### Exercise brief
Start the copy at the line containing "The second part" and run it through the last line of the records. Repeat each line exactly; omit pictures.

Dataset records:
--- START ---
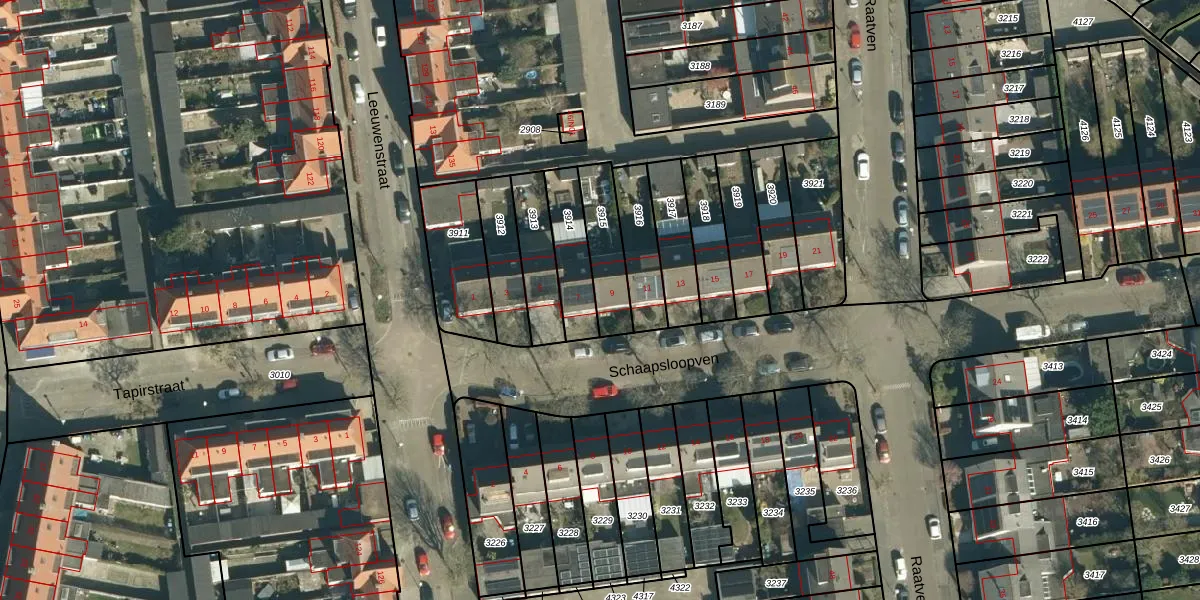 Gebruik de zoekbalk of klik op een perceel voor informatie over de adressen binnen dit perceel.
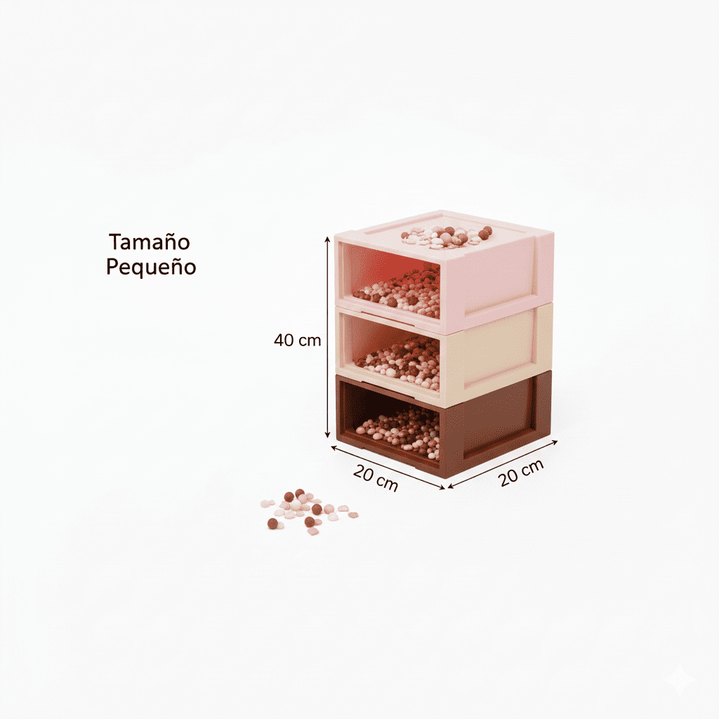 Organizador apilable disponible en tamaños pequeño, mediano o grande, ideal para optimizar espacio en la despensa.
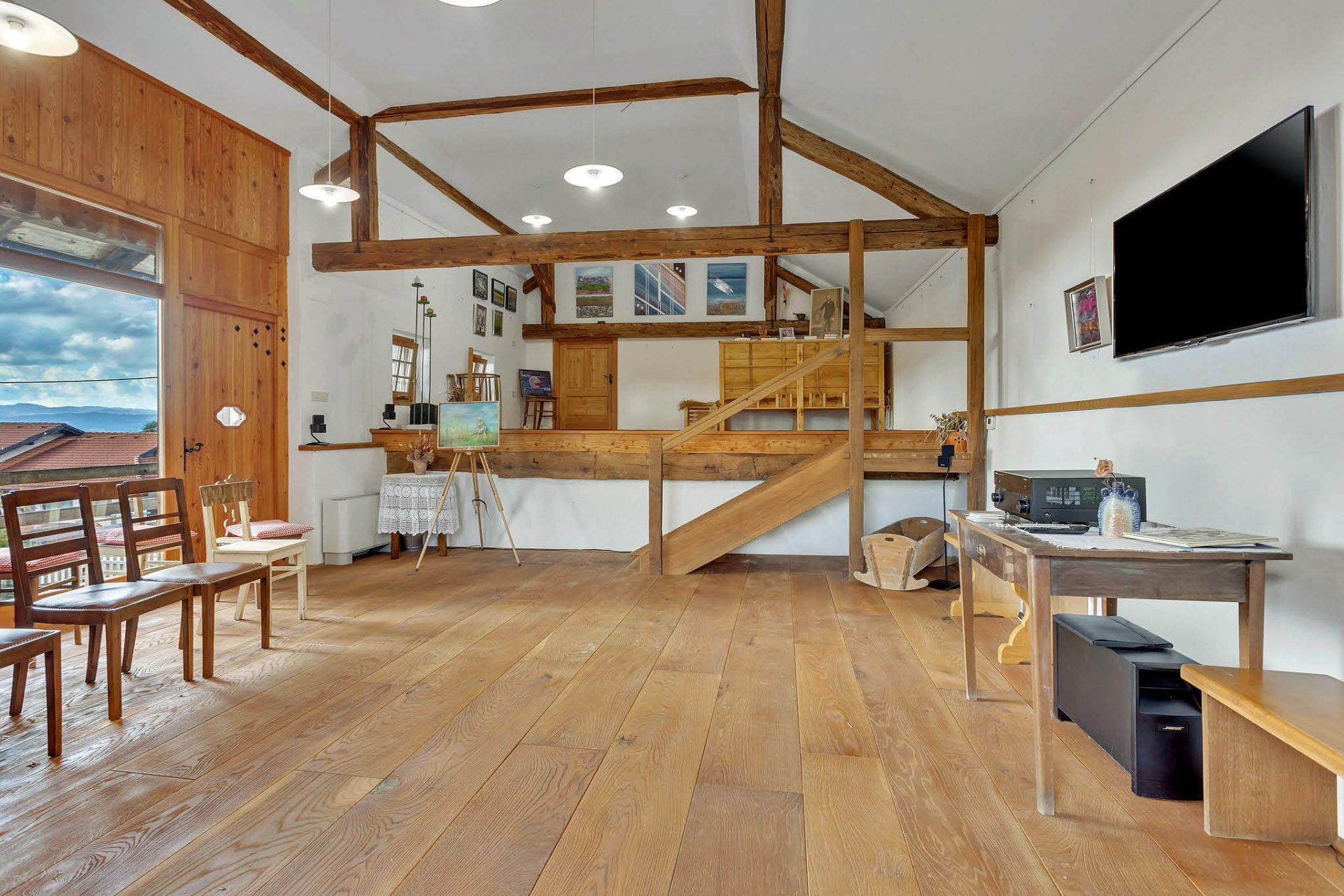 The second part consists of ground floor and the 1st floor. On the ground floor there is a kitchen, heating room and toilets for guests. The gallery above has some space for hosting events.
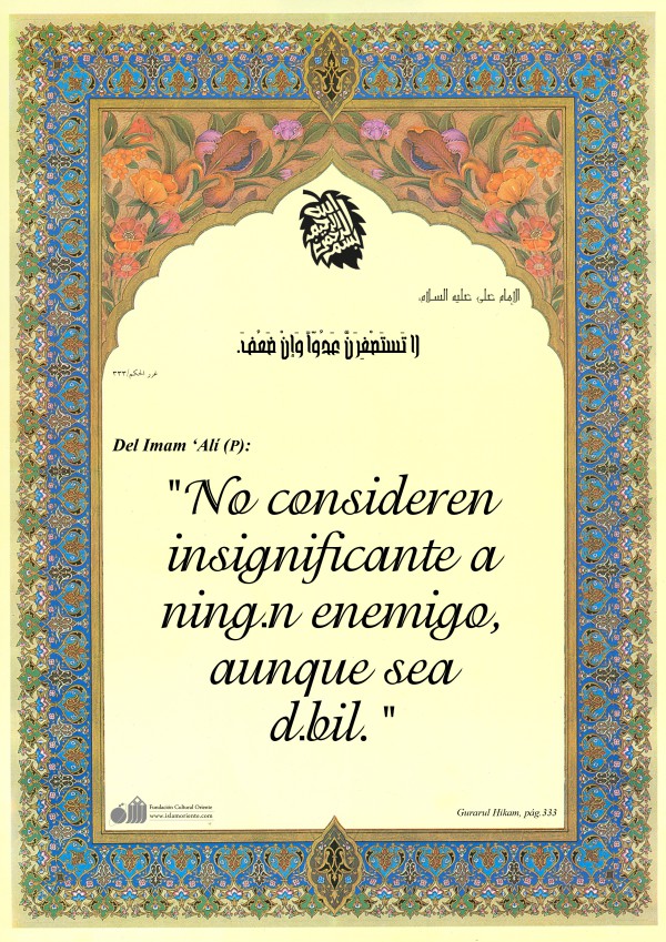 Del Imam ‘Alí (P): "No consideren insignificante a ningún enemigo, aunque sea débil."
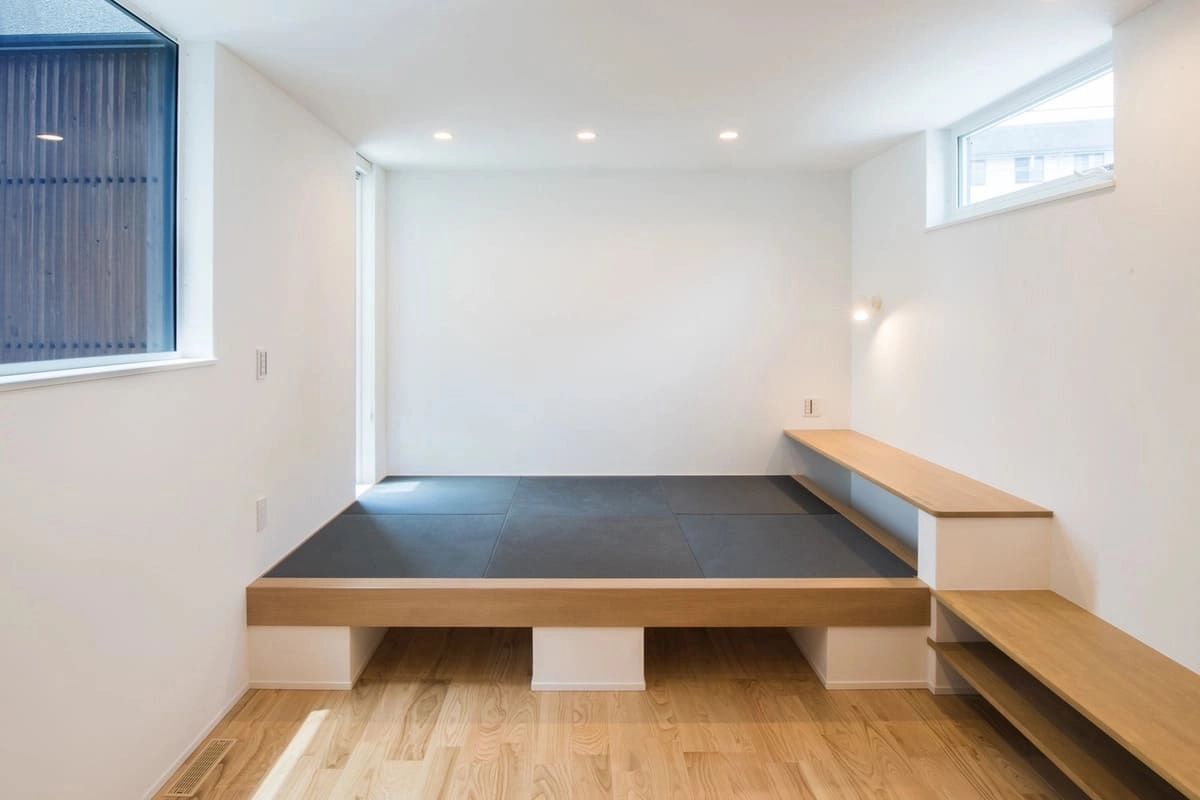 狭小住宅では、収納スペースの確保が重要。そこでおすすめしたいのが、小上がりの下部に収納スペースを設けることです。小上がりとは、床を一段高くしたスペースのこと。
--- END ---
### The completed task
 The second part consists of ground floor and the 1st floor. On the ground floor there is a kitchen, heating room and toilets for guests. The gallery above has some space for hosting events.
 Del Imam ‘Alí (P): "No consideren insignificante a ningún enemigo, aunque sea débil."
 狭小住宅では、収納スペースの確保が重要。そこでおすすめしたいのが、小上がりの下部に収納スペースを設けることです。小上がりとは、床を一段高くしたスペースのこと。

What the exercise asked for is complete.